▸ Activity: Below are the records; repeat exactly their lines between the line holding "iHome iP57 - Controls" and the line holding "嘉实黄金证券投资基金(LOF) | |", inclusive, skipping the pictures.

▸ Entries supplied:
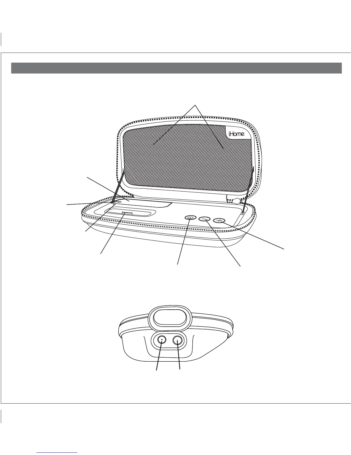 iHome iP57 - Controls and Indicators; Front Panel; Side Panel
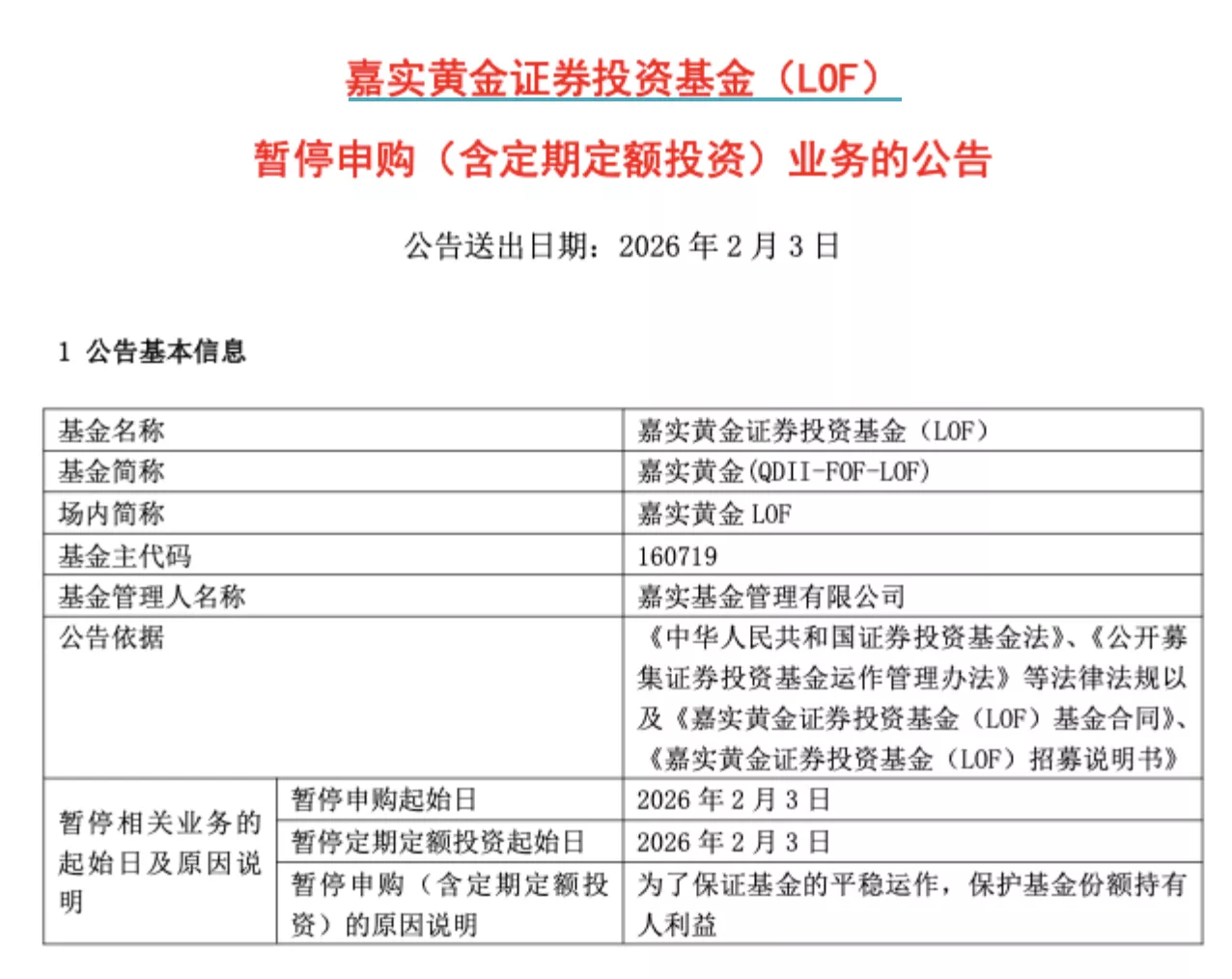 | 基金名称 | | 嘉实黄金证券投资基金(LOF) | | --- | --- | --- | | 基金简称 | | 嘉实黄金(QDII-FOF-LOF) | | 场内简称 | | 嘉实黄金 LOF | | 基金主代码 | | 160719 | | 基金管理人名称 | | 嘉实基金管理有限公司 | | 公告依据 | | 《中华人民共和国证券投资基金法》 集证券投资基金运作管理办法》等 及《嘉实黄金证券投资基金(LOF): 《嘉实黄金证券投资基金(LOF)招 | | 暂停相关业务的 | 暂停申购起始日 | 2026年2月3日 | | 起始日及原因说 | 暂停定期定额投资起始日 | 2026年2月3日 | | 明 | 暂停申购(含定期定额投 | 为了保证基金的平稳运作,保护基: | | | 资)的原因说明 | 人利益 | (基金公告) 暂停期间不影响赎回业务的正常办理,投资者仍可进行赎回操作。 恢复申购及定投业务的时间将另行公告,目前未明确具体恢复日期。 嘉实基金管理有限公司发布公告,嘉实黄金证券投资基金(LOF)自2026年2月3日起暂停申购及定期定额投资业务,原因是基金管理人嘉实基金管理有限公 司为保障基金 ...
---
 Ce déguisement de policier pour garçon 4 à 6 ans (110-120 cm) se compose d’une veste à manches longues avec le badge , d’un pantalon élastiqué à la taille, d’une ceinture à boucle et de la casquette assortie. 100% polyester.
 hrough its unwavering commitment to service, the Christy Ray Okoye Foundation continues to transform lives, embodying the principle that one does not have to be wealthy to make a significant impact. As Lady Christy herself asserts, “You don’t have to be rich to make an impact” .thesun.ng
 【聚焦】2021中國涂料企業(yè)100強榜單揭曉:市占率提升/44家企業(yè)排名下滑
* * *
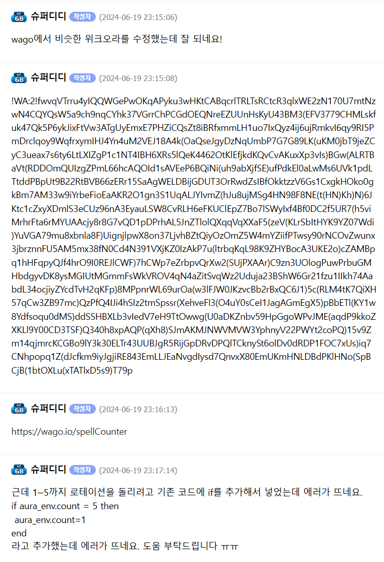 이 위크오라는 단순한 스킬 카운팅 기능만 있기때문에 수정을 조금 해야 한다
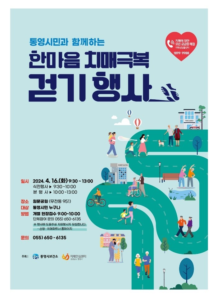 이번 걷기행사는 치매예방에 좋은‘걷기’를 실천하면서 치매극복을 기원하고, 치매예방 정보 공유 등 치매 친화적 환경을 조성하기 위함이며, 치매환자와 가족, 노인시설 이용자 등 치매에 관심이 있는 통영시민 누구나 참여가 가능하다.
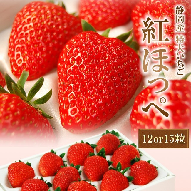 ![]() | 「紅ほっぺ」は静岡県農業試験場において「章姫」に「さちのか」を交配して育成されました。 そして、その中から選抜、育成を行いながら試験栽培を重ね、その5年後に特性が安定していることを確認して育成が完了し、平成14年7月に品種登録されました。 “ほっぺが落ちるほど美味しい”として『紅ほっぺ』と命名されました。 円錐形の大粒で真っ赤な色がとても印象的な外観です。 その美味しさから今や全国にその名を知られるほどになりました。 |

▸ Exercise answer:
 iHome iP57 - Controls and Indicators; Front Panel; Side Panel
 | 基金名称 | | 嘉实黄金证券投资基金(LOF) | | --- | --- | --- | | 基金简称 | | 嘉实黄金(QDII-FOF-LOF) | | 场内简称 | | 嘉实黄金 LOF | | 基金主代码 | | 160719 | | 基金管理人名称 | | 嘉实基金管理有限公司 | | 公告依据 | | 《中华人民共和国证券投资基金法》 集证券投资基金运作管理办法》等 及《嘉实黄金证券投资基金(LOF): 《嘉实黄金证券投资基金(LOF)招 | | 暂停相关业务的 | 暂停申购起始日 | 2026年2月3日 | | 起始日及原因说 | 暂停定期定额投资起始日 | 2026年2月3日 | | 明 | 暂停申购(含定期定额投 | 为了保证基金的平稳运作,保护基: | | | 资)的原因说明 | 人利益 | (基金公告) 暂停期间不影响赎回业务的正常办理,投资者仍可进行赎回操作。 恢复申购及定投业务的时间将另行公告,目前未明确具体恢复日期。 嘉实基金管理有限公司发布公告,嘉实黄金证券投资基金(LOF)自2026年2月3日起暂停申购及定期定额投资业务,原因是基金管理人嘉实基金管理有限公 司为保障基金 ...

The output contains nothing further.